#### [AVAILABLE DATA]
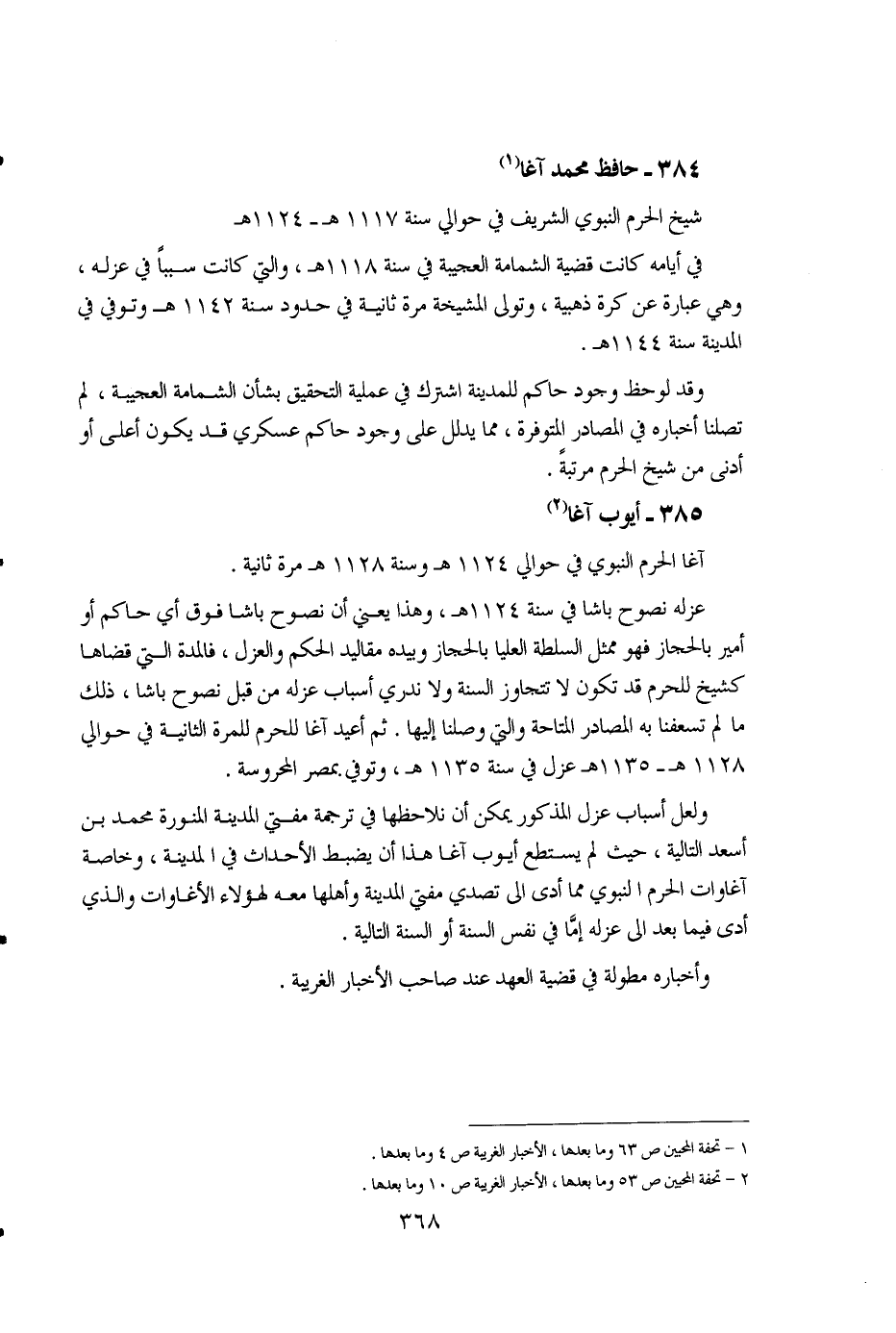 384 - حافظ محمد آغا (1) شيخ الحرم النبوي الشريف في حوالي سنة 1117هـ - 1124هـ في أيامه كانت قضية الشمامة العجيبة في سنة 1118هـ، والتي كانت سبباً في عزله، وهي عبارة عن كرة ذهبية، وتولى المشيخة مرة ثانية في حدود سنة 1142هـ وتوفي في المدينة سنة 1144هـ. وقد لوحظ وجود حاكم للمدينة اشترك في عملية التحقيق بشأن الشمامة العجيبة، لم تصلنا أخباره في المصادر المتوفرة، مما يدلل على وجود حاكم عسكري قد يكون أعلى أو أدنى من شيخ الحرم مرتبةً.
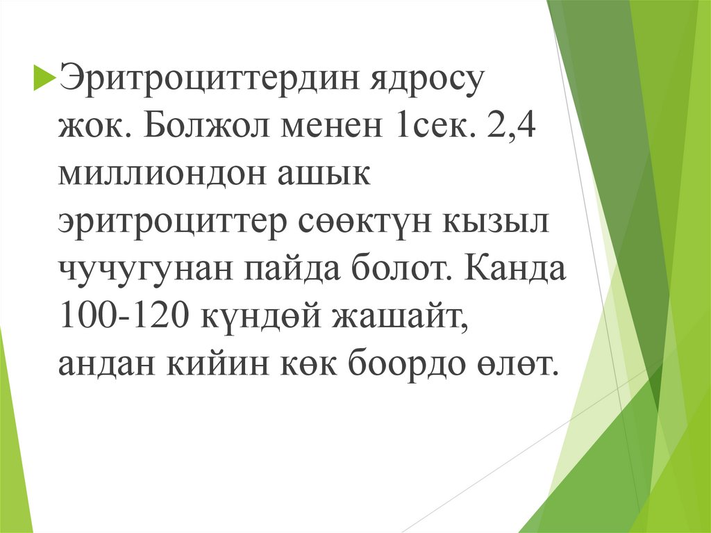 Эритроциттердин ядросужок. Болжол менен 1сек. 2,4
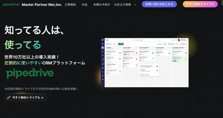 低価格でありながらもリード管理や顧客管理、パイプライン管理、リードスコアリングやスケジュール管理など、便利な機能を利用できます。
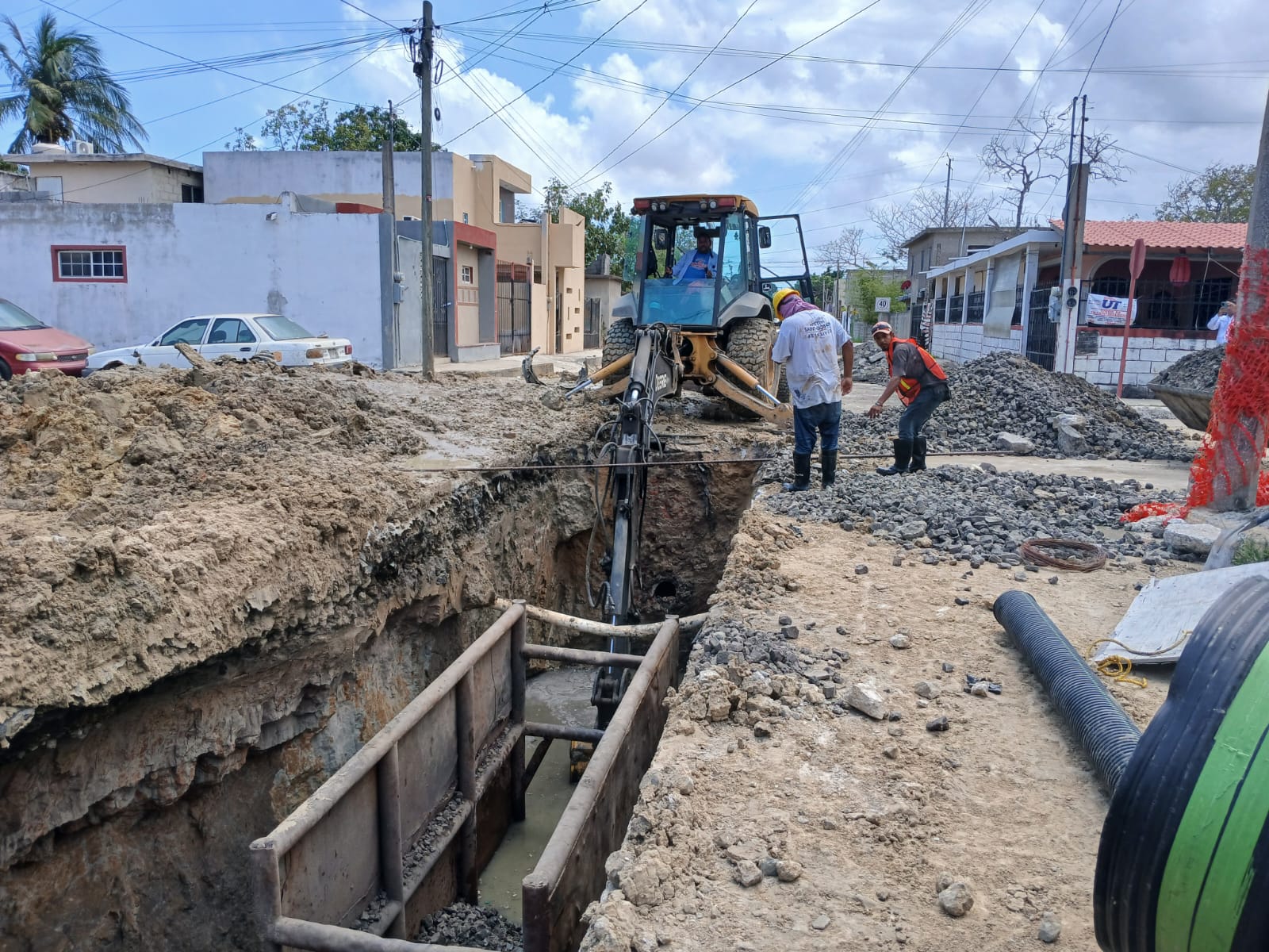 Como parte de las acciones para fortalecer la infraestructura hidrosanitaria en la zona sur de Tamaulipas, COMAPA SUR lleva a cabo la rehabilitación de un colector sanitario de 24 pulgadas, con una extensión de 400 metros lineales, ubicado en la calle Japón, entre Luxemburgo e Irak, en la colonia Solidaridad, Voluntad y Trabajo.
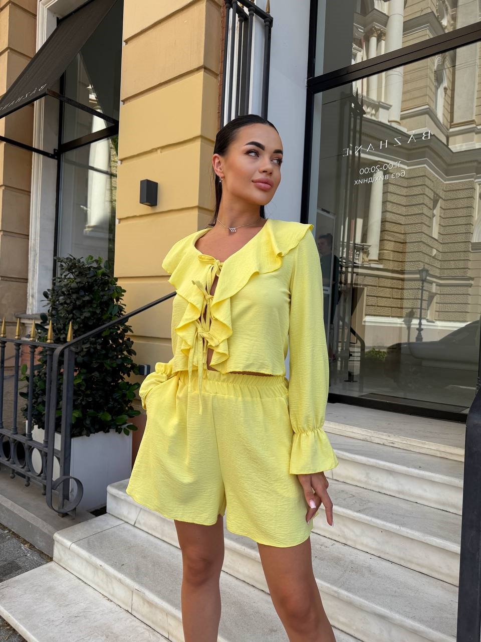 Летний костюм (шорты+блуза с воланами на завязочках) желтый
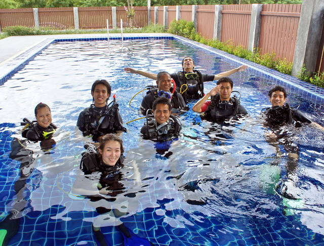 - การคำนวณเครื่องมือวัดประกอบการ ดำน้ำ และการวางแผนความลึกในการดำ -- 2. ภาคปฏิบัติในสระว่ายน้ำ (ในกรุงเทพฯ-ไม่จำกัดจำนวนครั้งที่ลงสระ) เช่น - ความรู้ในการใช้เครื่องช่วยหายใจใต้น้ำแบบ วงจรเปิด (SCUBA)
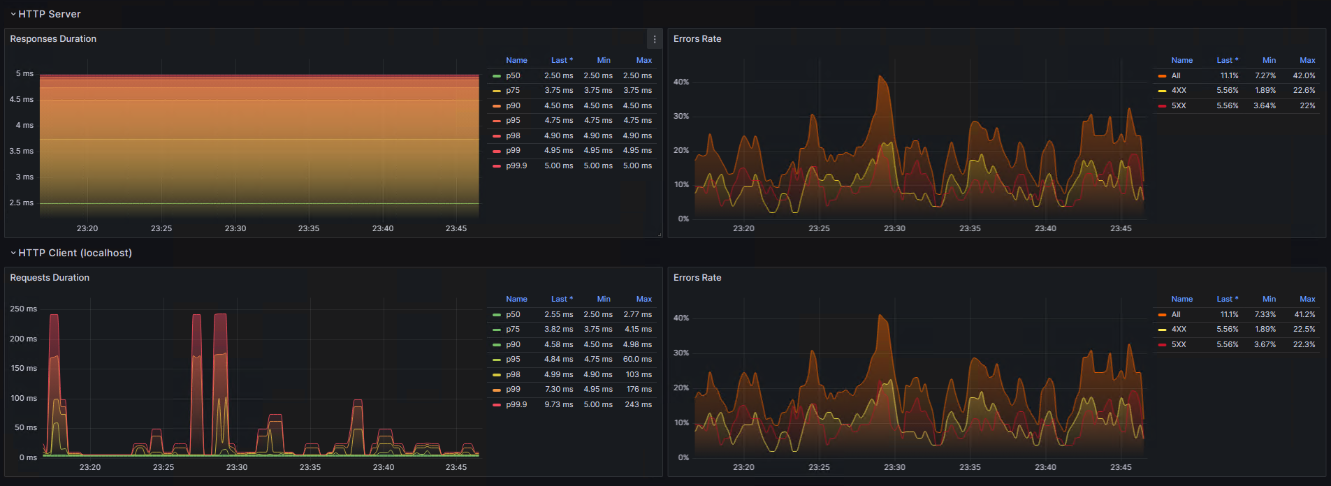 The dashboard was based on the ASP.NET OTEL Metrics dashboard. Metric names were improved according to name rules followed by the OtlpExporter and the Colector.
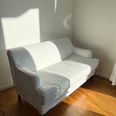 IKEA soffa Vimle i 2-sitsmodell med rak, modern form. Klädd i grått tyg med två sittdynor och två ryggkuddar. Breda armstöd och låg rygg. Passar som sittmöbel i vardagsrum, gästrum eller mindre utrymmen där en kompakt soffa behövs.
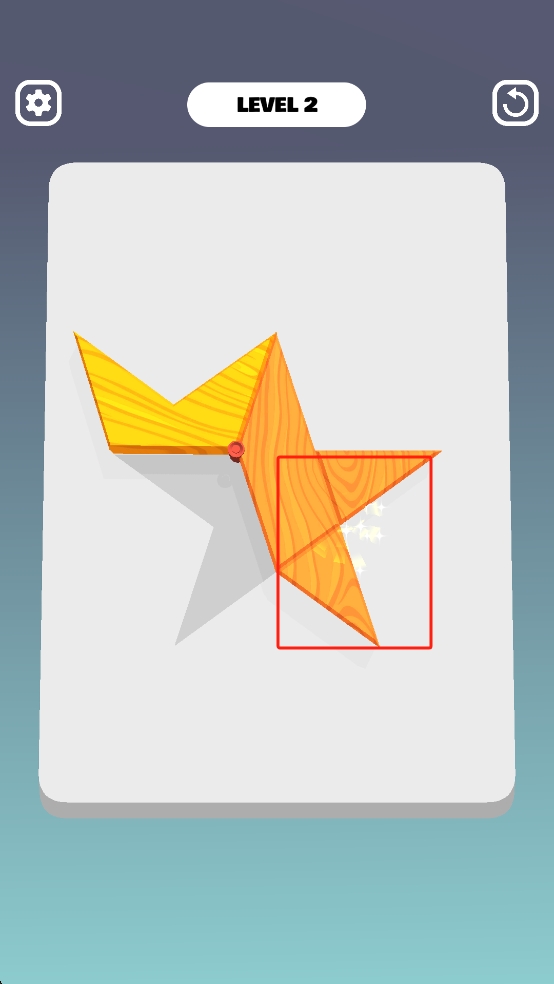 2、进入游戏后拖动黄色木质部件,利用红点旋转轴,调整角度,让部件边缘契合星形缺口,逐步进行拼接。
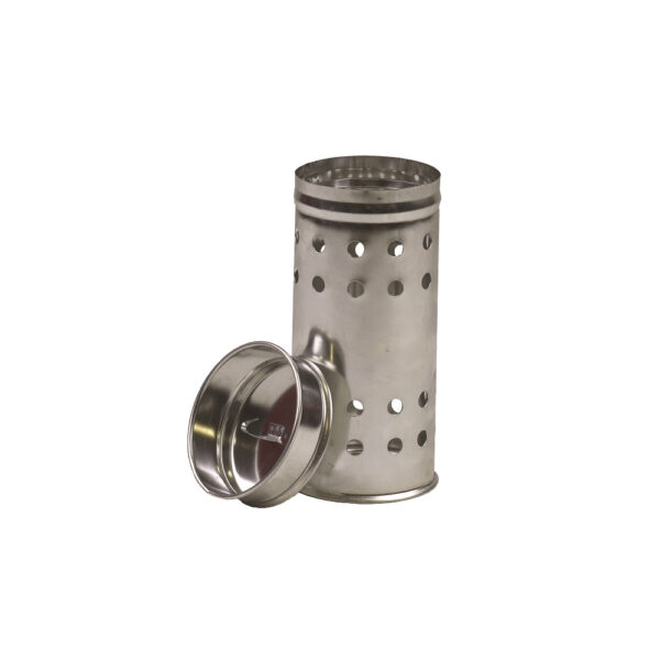 Préservez le bois de vos ruches vides contre la fausse teigne grâce à ce diffuseur métallique spécialement conçu pour les mèches de soufre. Son design entièrement aéré garantit une diffusion optimale de la fumée soufrée. Très pratique, il est équipé d’un crochet intérieur pour suspendre facilement la mèche.
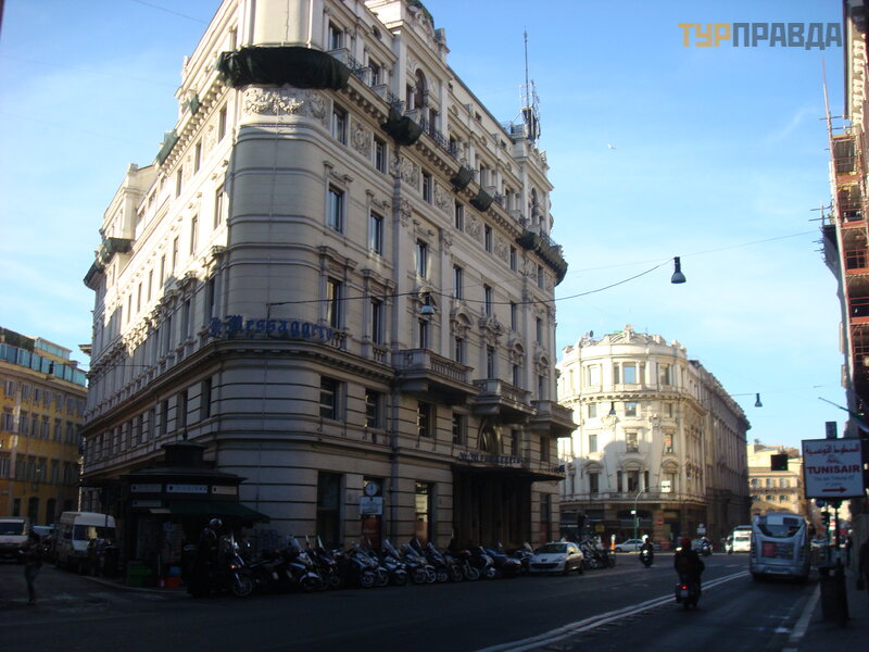 An express train from Venice has arrived at Termini station, Rome's main railway gate. Hotels were selected within walking distance from the stations and ports of the cities in which we were. The Rimini Hotel is located 50 meters from the left side exit of the Termini station, cross a narrow street, go through a shop and another hotel and we are there. The hotel corresponded to its three stars, but this suits us, since we do not intend to stay too long in it. The hotel was converted from a residential building, the elevator in it is weak (the two of us with my wife and a small suitcase did not pull).
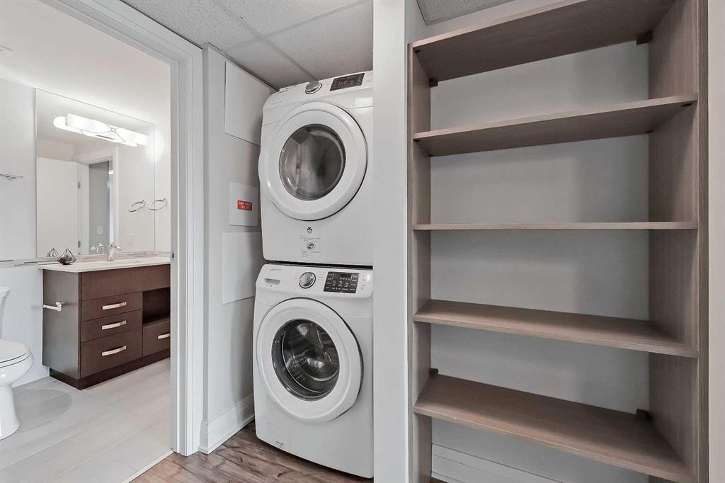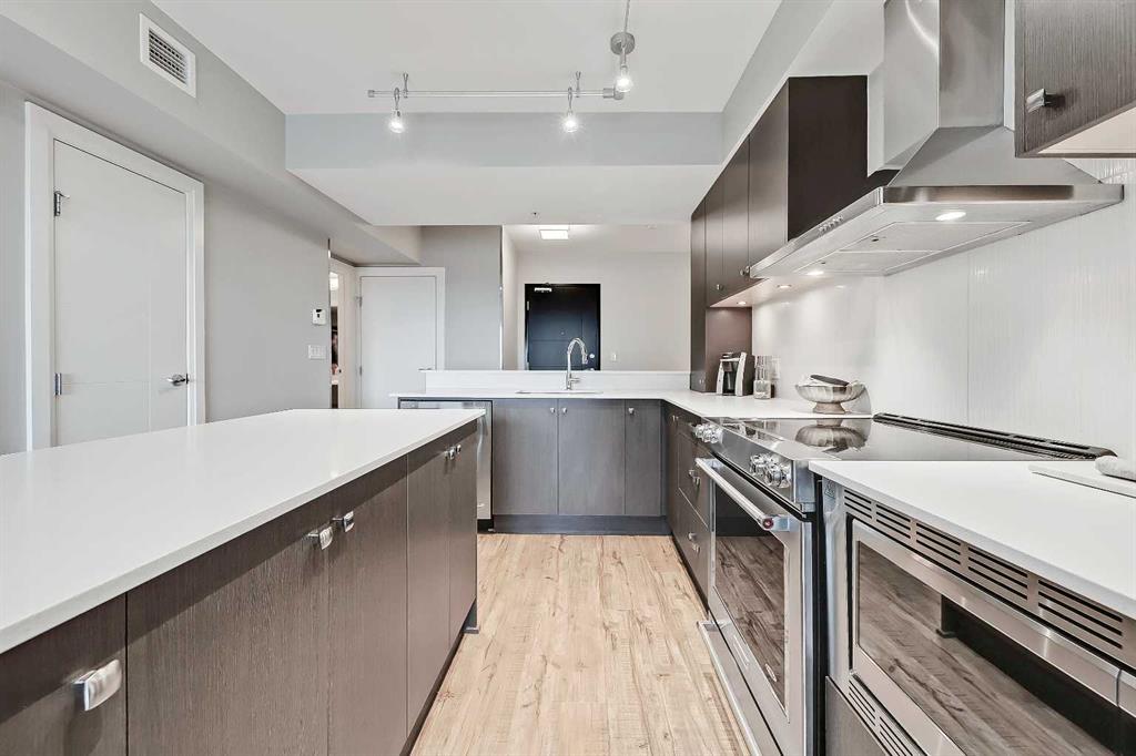 *VISIT MULTIMEDIA LINK FOR FULL DETAILS, INCLUDING IMMERSIVE 3D TOUR & FLOORPLANS!* This bright NORTH-facing 1-bed + den unit with stunning PANORAMIC RIVER VIEWS from the 24th floor in the upscale Vogue building is a must-see! There are only 4 upgraded floors in the Vogue building, which were specially customized for Bedouin Suites, and this is one of them! EXCLUSIVE BEDOUIN FEATURES include upgraded hallways and common areas, as well as INCREDIBLE UNIT UPGRADES like custom kitchen islands with bar seating, upgraded appliances & lighting including dimmers throughout, custom bedroom panelling including built-in side tables with convenience plugs, upgraded bathrooms with tile wainscoting and glass shower doors, built-in walnut entertainment units, a Smart Sensor energy management system for the eco-minded buyer and MORE! This customized ‘VARSITY’ floorplan also had a kitchen wall removed for improved flow and natural light, and WOW, does it look good! This condo presents modern living at its finest, including an open-concept layout filled with natural light through ample floor-to-ceiling windows, complemented by luxury vinyl plank flooring adorning the main living spaces. The modern kitchen boasts wood-grain cabinets with modern hardware and under-cabinet lighting, a specially designed central island with quartz counters, a tile backsplash, a dual-basin undermount sink, and upgraded stainless steel appliances, including a chimney-style hood fan. The open main living area features a built-in walnut entertainment unit with a wall-mount TV included and access to a large balcony with a gas line for a BBQ and panoramic views of the Bow River. The bedroom features custom wall panelling with built-in side tables, wall sconce lighting and a convenient receptacle with a USB port, plus an included wall-mounted TV. A large walkthrough closet with built-in organizers and a stacked laundry leads to the 4-pc bathroom complete with occupancy-sensored lights, quartz countertops, tile wainscoting, an undermount sink with modern faucet, tile backsplash, modern vanity with storage, tile floors, and a large tub/shower combo with full height tile and an upgraded glass door. Additionally, a sizable den makes the perfect home office or flexible space. VOGUE is a high-end building with a ton of amenities, including UNDERGROUND HEATED PARKING, central A/C, an elegant formal lobby, full-time concierge, gym, billiards, a large party room with a kitchen, a yoga studio, a Sky Lounge on the 36th floor, and multiple rooftop terraces. Surrounded by parks, transit, the LRT, shopping & more, & within walking distance to the downtown core & all Kensington shops & services – this location offers the best urban lifestyle in the Downtown Commercial Core.

#### [WORK INSTRUCTION]
Transcribe exactly the lines above, beginning at the one with "低価格でありながらもリード管" and going up to and including the one with "An express train". Pictures do not belong in the copy.

#### [RESPONSE]
 低価格でありながらもリード管理や顧客管理、パイプライン管理、リードスコアリングやスケジュール管理など、便利な機能を利用できます。
 Como parte de las acciones para fortalecer la infraestructura hidrosanitaria en la zona sur de Tamaulipas, COMAPA SUR lleva a cabo la rehabilitación de un colector sanitario de 24 pulgadas, con una extensión de 400 metros lineales, ubicado en la calle Japón, entre Luxemburgo e Irak, en la colonia Solidaridad, Voluntad y Trabajo.
 Летний костюм (шорты+блуза с воланами на завязочках) желтый
 - การคำนวณเครื่องมือวัดประกอบการ ดำน้ำ และการวางแผนความลึกในการดำ -- 2. ภาคปฏิบัติในสระว่ายน้ำ (ในกรุงเทพฯ-ไม่จำกัดจำนวนครั้งที่ลงสระ) เช่น - ความรู้ในการใช้เครื่องช่วยหายใจใต้น้ำแบบ วงจรเปิด (SCUBA)
 The dashboard was based on the ASP.NET OTEL Metrics dashboard. Metric names were improved according to name rules followed by the OtlpExporter and the Colector.
 IKEA soffa Vimle i 2-sitsmodell med rak, modern form. Klädd i grått tyg med två sittdynor och två ryggkuddar. Breda armstöd och låg rygg. Passar som sittmöbel i vardagsrum, gästrum eller mindre utrymmen där en kompakt soffa behövs.
 2、进入游戏后拖动黄色木质部件,利用红点旋转轴,调整角度,让部件边缘契合星形缺口,逐步进行拼接。
 Préservez le bois de vos ruches vides contre la fausse teigne grâce à ce diffuseur métallique spécialement conçu pour les mèches de soufre. Son design entièrement aéré garantit une diffusion optimale de la fumée soufrée. Très pratique, il est équipé d’un crochet intérieur pour suspendre facilement la mèche.
 An express train from Venice has arrived at Termini station, Rome's main railway gate. Hotels were selected within walking distance from the stations and ports of the cities in which we were. The Rimini Hotel is located 50 meters from the left side exit of the Termini station, cross a narrow street, go through a shop and another hotel and we are there. The hotel corresponded to its three stars, but this suits us, since we do not intend to stay too long in it. The hotel was converted from a residential building, the elevator in it is weak (the two of us with my wife and a small suitcase did not pull).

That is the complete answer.